NEW YORK: For more than two weeks now, the Democratic Party has been mired in crisis. And yet there is no sign that the threat to Joe Biden’s reelection is nearing a conclusion, as the president digs in and a growing chorus of Democratic officials, donors and strategists calls for him to step aside.
Donors and high-profile endorsers are repudiating Biden, morale inside and outside the campaign is weak, and some top Democrats are pondering whether to make a move against the embattled president. One of Biden’s allies privately described a cycle of alternating hope and despair in the style of the movie “Groundhog Day.”
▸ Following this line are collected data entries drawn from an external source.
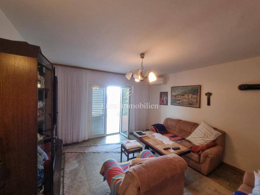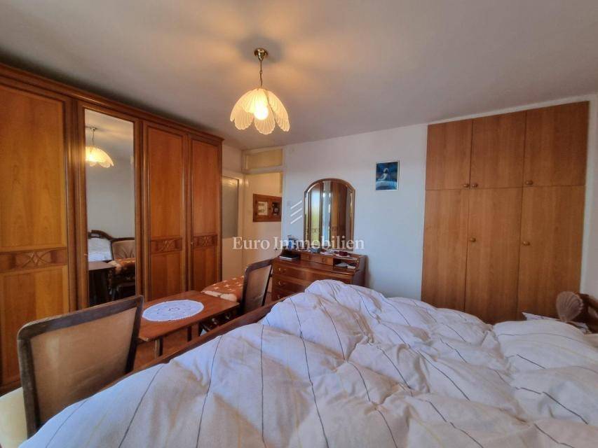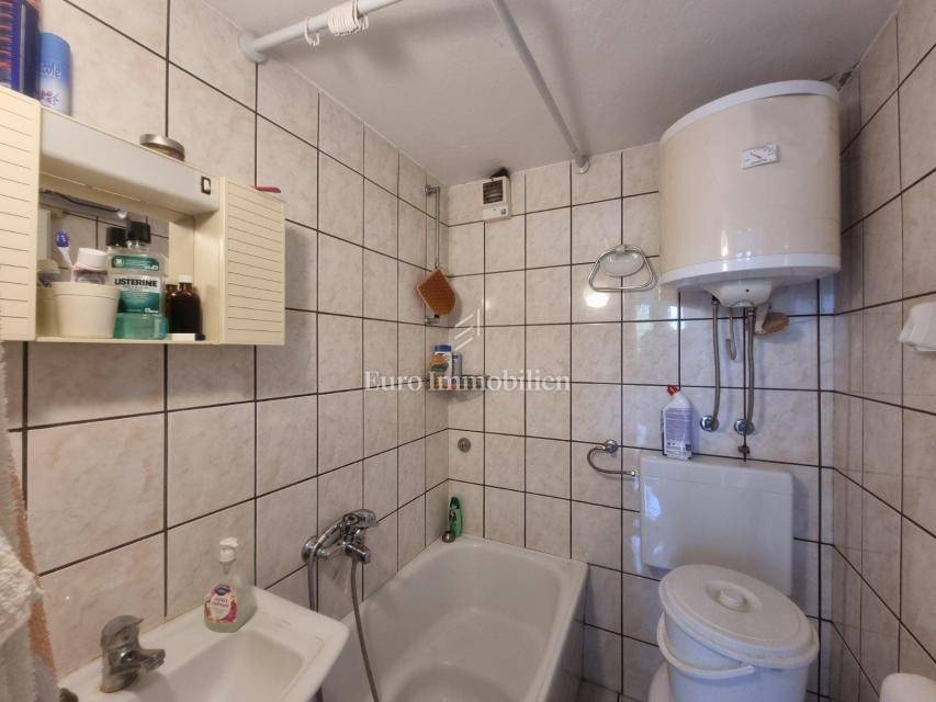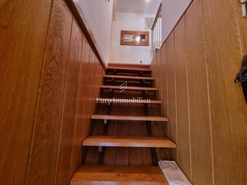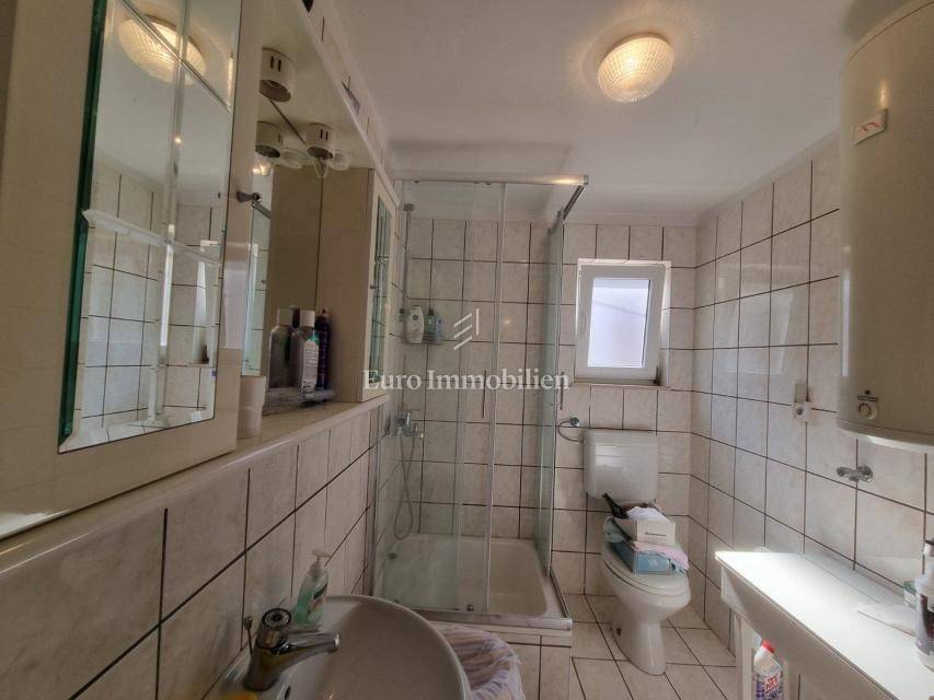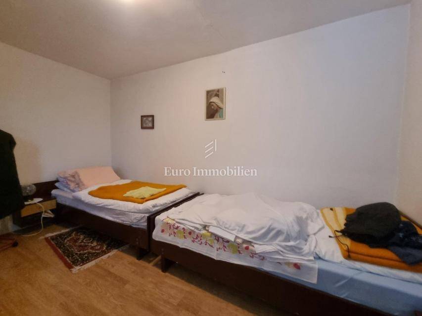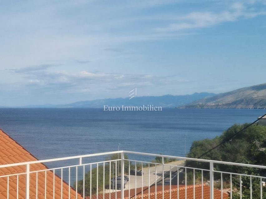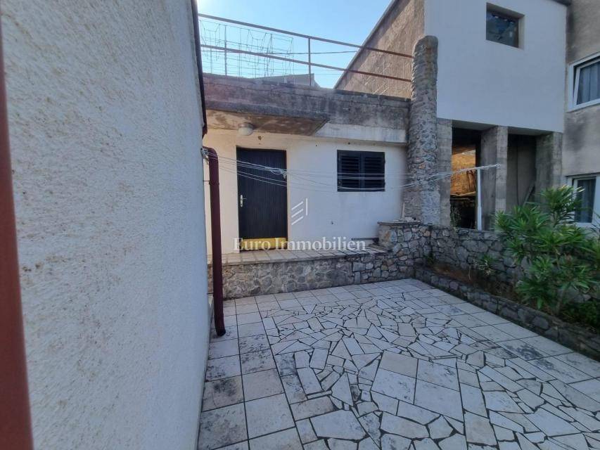 House for sale in a great location, just 90 m from the sea with a beautiful view. The house has access from two sides. There are two parking spaces at the back. The property consists of a basement in which there is a space for a laundry room and a storage room. On the ground floor there is a summer kitchen with a barbecue and a terrace, a kitchen with a dining room, a hallway, a bathroom and a living room with access to a terrace with a beautiful view of the sea. The internal stairs lead to the first floor, where there are two bedrooms, one of which has a south-facing balcony with a beautiful view, and a bathroom. As independent buildings on the plot, there is also a studio apartment, a storage and a woodshed. Inside the courtyard there is a garden and a paved terrace. Ideal for rest and enjoyment and for tourist rental.
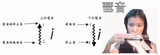 ※左手固定不动,并支撑著口琴,右手则左右推拉,制造两音急速交换出现的颤音效果。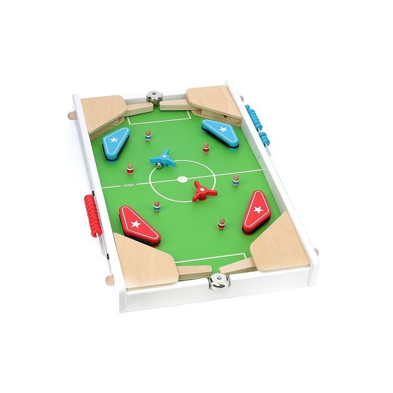 Qui n'a pas voulu avoir un flipper ou un baby-foot chez soi ? Ce flipper est un mélange des deux ! C'est parti pour des parties de folie, le match de football peut commencer.Une chochette dans chaque camp sonne quand un but est marqué ! Comme sur un vrai baby-foot, un boulier sur le côté permet de comptabiliser les points.Il faudra faire preuve de dextérité pour faire tourner les helices et éviter les joueurs pour remporter la partie.Livré avec plusieurs balles en métal, ce flipper de table compact ravira les petits et les grands.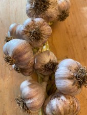 These days we are growing 10 different kinds of garlic. They originally came from different parts of the world, have somewhat different tastes, hotness, looks, and storage capacity. We grow only hardneck garlics, and although they say only softnecks can be braided, we braid ours and leave it up in various parts of the house to dry. It’s all so much nicer than what you get in the supermarket.

The extraordinary intra-party debate still rages 15 days after Biden’s disastrous debate performance, with the president’s Thursday news conference doing little to quell fears about his prospects against Republican Donald Trump. Another five Democratic members of Congress called on Biden to step aside in the hours since the president’s high-profile press conference, bringing to nearly 20 the total number of Democratic US representatives and senators publicly pushing Biden to leave the race.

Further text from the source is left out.